Random Forest model with an RMSE of 0.64, Rsquared of 0.71 and MAE of 0.48 had the best performance. Random Forest model was the strongest model for optimal resampling and test set performance.
(b) Which predictors are most important in the optimal tree-based regression model? Do either the biological or process variables dominate the list? How do the top 10 important predictors compare to the top 10 predictors from the optimal linear and nonlinear models?

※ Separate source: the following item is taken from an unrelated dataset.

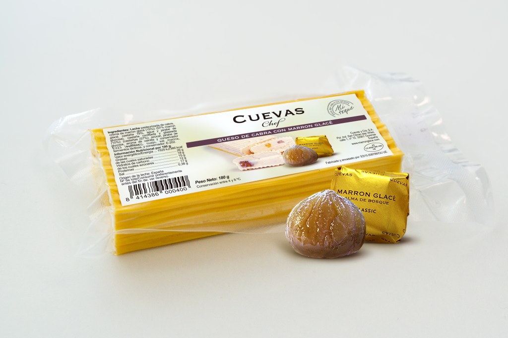 El grupo ourensano Cuevas ha incorporado a sus productos hechos con castaña un queso de cabra con Marron Glacé, el dulce que les ha hecho más conocidos. La familia Cuevas Chef nace de la voluntad de seguir buscando experiencias sensoriales y de seguir innovando con la castaña y el marron glacé. La compañía ourensana pretende facilitar el trabajo, tanto de los profesionales, como de cualquier persona en su casa aportándoles soluciones que añadieran un toque especial a los platos sin esfuerzo adicional. Siendo conscientes de que en el día a día de las cocinas es complicado invertir todo el tiempo y mimo que requiere la elaboración de cremas, purés, guarniciones o castañas peladas, hace unos años lanzaron al mercado la gama de productos Cuevas Chef, una gama de productos libres de gluten que busca poner en valor la castaña.

The predictor importance can be found using the varImp function:
rf_imp <- varImp(rf_model)
rf_imp
## Overall
## BiologicalMaterial03 13.32003757
## BiologicalMaterial05 4.99087118
## BiologicalMaterial07 0.00000000
## BiologicalMaterial09 7.18392726
## BiologicalMaterial10 0.83173075
## BiologicalMaterial11 10.03737068
## ManufacturingProcess01 4.29511831
## ManufacturingProcess02 5.42691254
## ManufacturingProcess03 0.71751741
## ManufacturingProcess04 2.74021695
## ManufacturingProcess05 0.07638607
## ManufacturingProcess06 6.03235126
## ManufacturingProcess07 0.98781428
## ManufacturingProcess08 -0.53741719
## ManufacturingProcess09 11.65000301
## ManufacturingProcess10 2.79321544
## ManufacturingProcess11 7.40268624
## ManufacturingProcess12 1.85381976
## ManufacturingProcess13 10.37593848
## ManufacturingProcess16 1.73644414
## ManufacturingProcess17 9.08009916
## ManufacturingProcess19 1.43832058
## ManufacturingProcess20 5.17072854
## ManufacturingProcess21 1.05840688
## ManufacturingProcess22 3.42967163
## ManufacturingProcess23 2.76171735
## ManufacturingProcess24 3.89228496
## ManufacturingProcess26 4.35926201
## ManufacturingProcess28 7.29283763
## ManufacturingProcess30 4.55310702
## ManufacturingProcess32 22.95513243
## ManufacturingProcess34 2.38355098
## ManufacturingProcess35 -0.86557592
## ManufacturingProcess36 6.98750655
## ManufacturingProcess37 2.46940060
## ManufacturingProcess38 0.74832282
## ManufacturingProcess39 5.07388574
## ManufacturingProcess41 -0.01032035
## ManufacturingProcess43 5.16455119
## ManufacturingProcess44 2.99567777
ManufacturingProcess 32 is the most important variable.
varImpPlot(rf_model)
From the above variable importance plot, we can include that of the top 10 most important variables, 7 are manufacturing.As was the case for our linear and nonlinear regression models, the process variables dominate the list.
(c) Plot the optimal single tree with the distribution of yield in the terminal nodes. Does this view of the data provide additional knowledge about the biological or process predictors and their relationship with yield?
#Train single tree model
rpart_tree <- rpart(Yield ~., data = train)
#Produce tree plot
rpart_tree2 <- as.party(rpart_tree)
plot(rpart_tree2)
The tree above provides more information about the biological or process predictors and their relationship with yield. We can see which variables rank highest up in the tree (higher up –> greater importance) as well as the values at which sub-branches from variables are created. We can also determine at what level specifically we should tune a process variable to to increase yield. Overall, I believe the past 3 assignments have re-iterated that focusing on the higher order manufacturing processes (32, 9, 11, 17 from the above chart) would lead to the greatest net positive Yield.